▸ To do:
An exact transcript is required of the lines below, from the one containing "大门口的时候黄明昊从裤兜里逃出一盒美瞳,那了双黑棕色的给自己带上。" through the very last; leave every picture out of it.
Supplied data below:
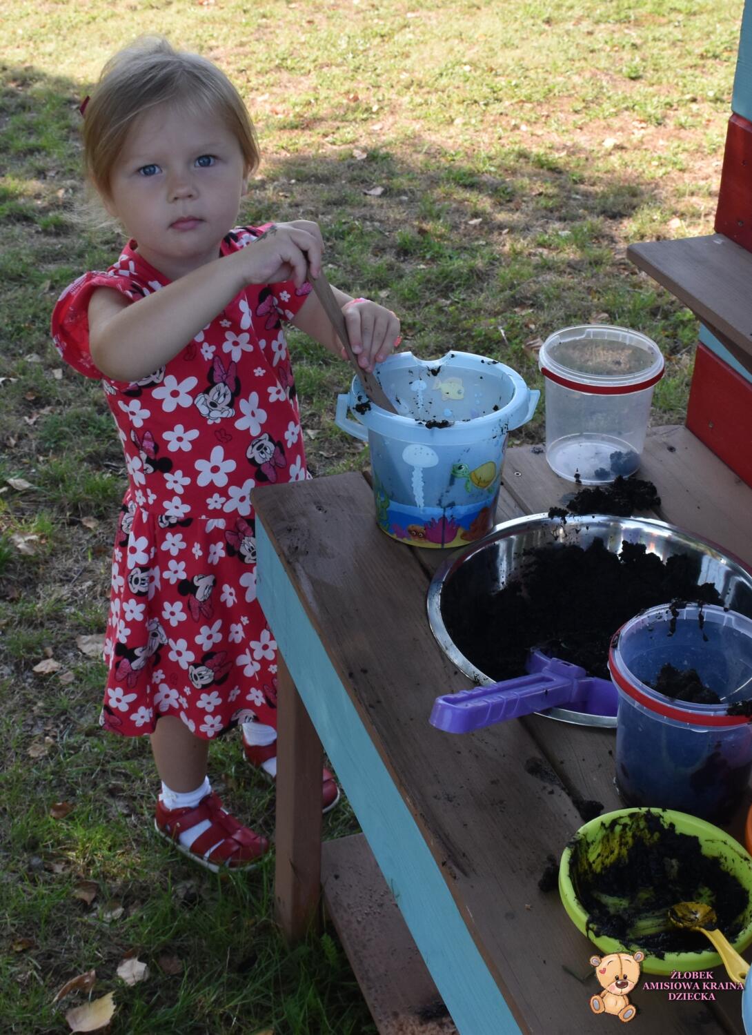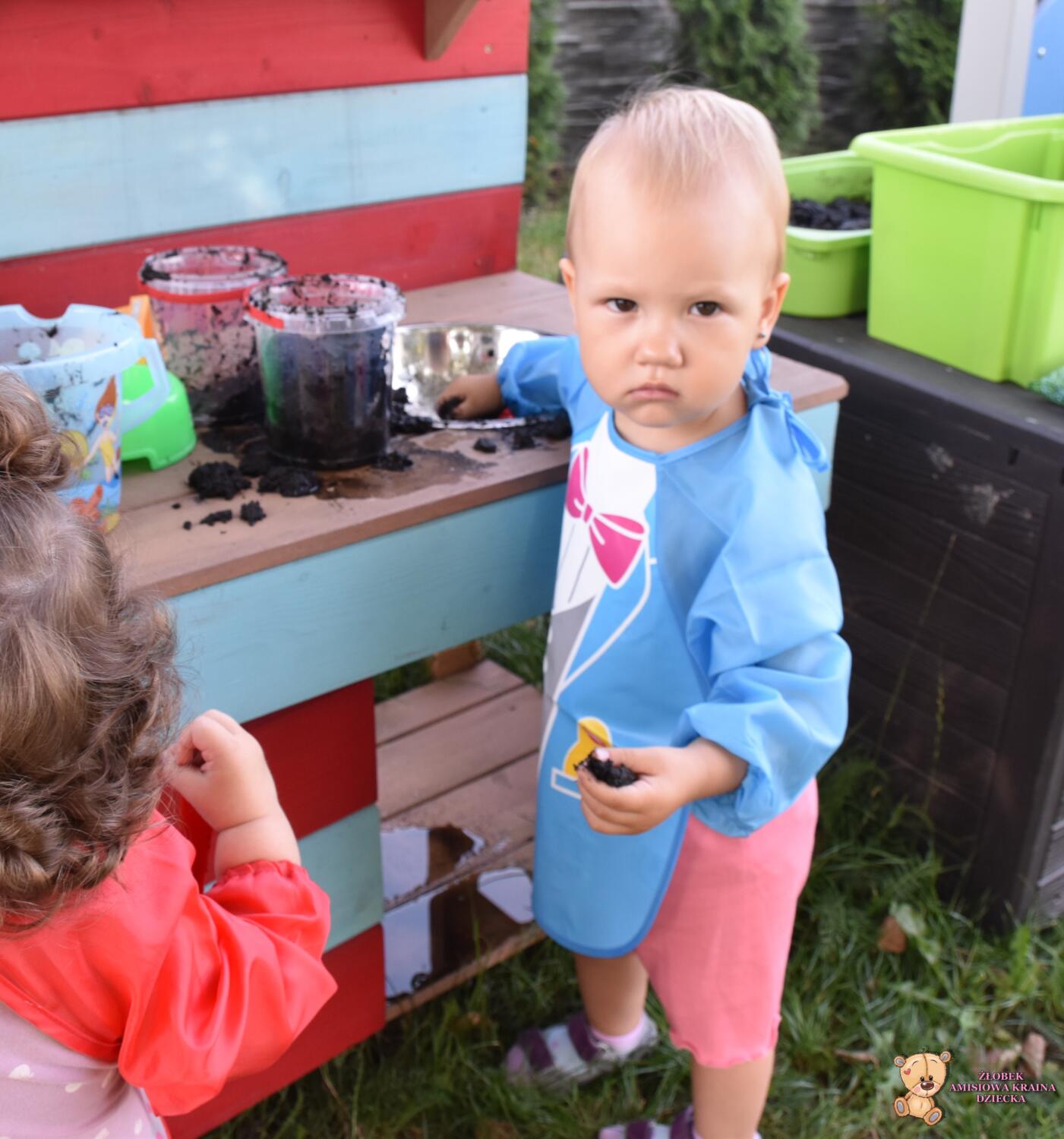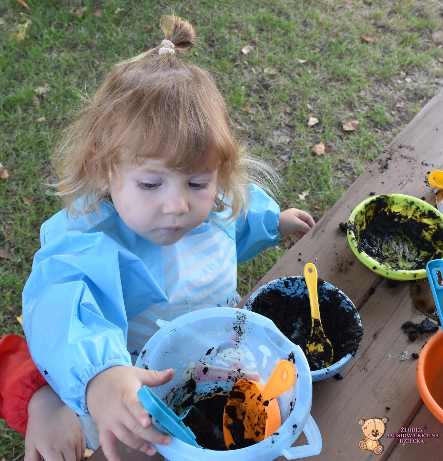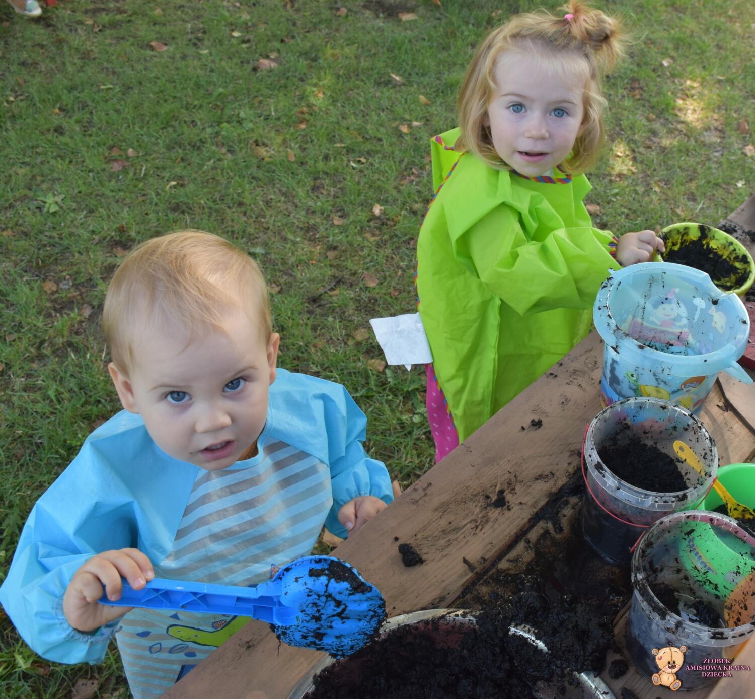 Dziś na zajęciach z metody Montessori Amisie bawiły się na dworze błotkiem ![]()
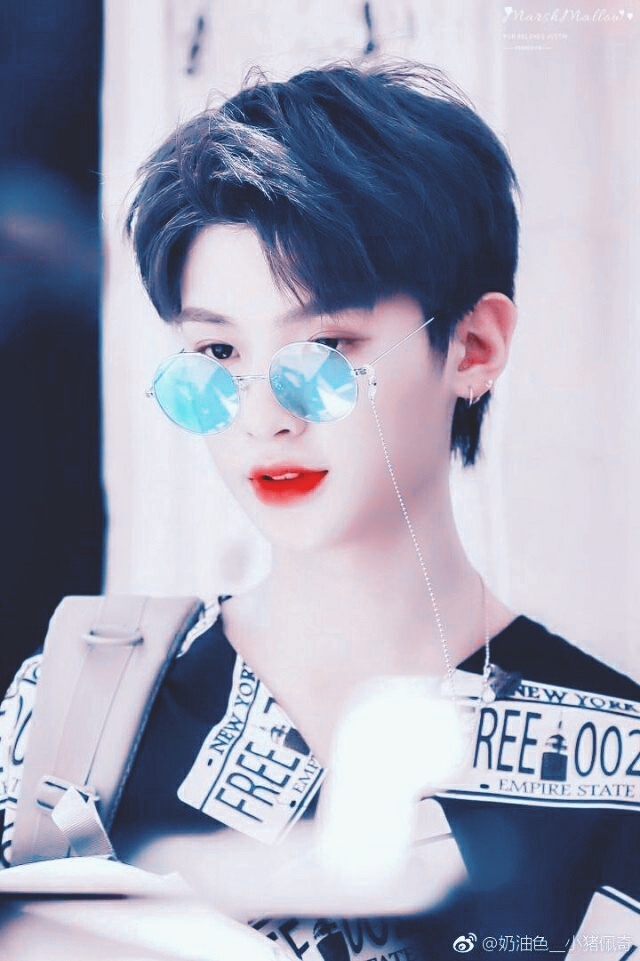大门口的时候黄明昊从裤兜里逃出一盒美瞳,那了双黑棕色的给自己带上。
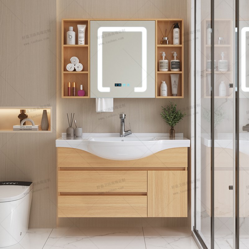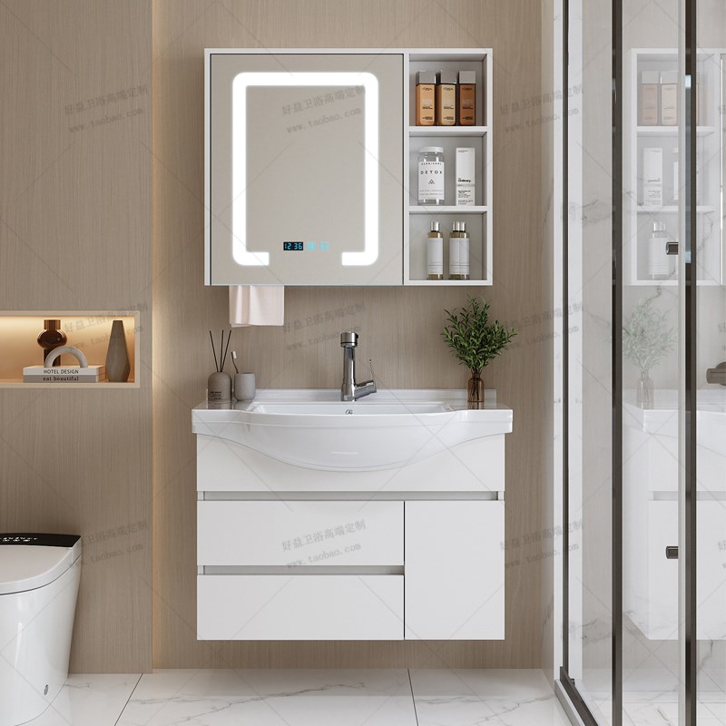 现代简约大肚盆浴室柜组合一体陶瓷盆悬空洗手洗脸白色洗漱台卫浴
End of Supplied data.
▸ Answer to this exercise:
大门口的时候黄明昊从裤兜里逃出一盒美瞳,那了双黑棕色的给自己带上。
 现代简约大肚盆浴室柜组合一体陶瓷盆悬空洗手洗脸白色洗漱台卫浴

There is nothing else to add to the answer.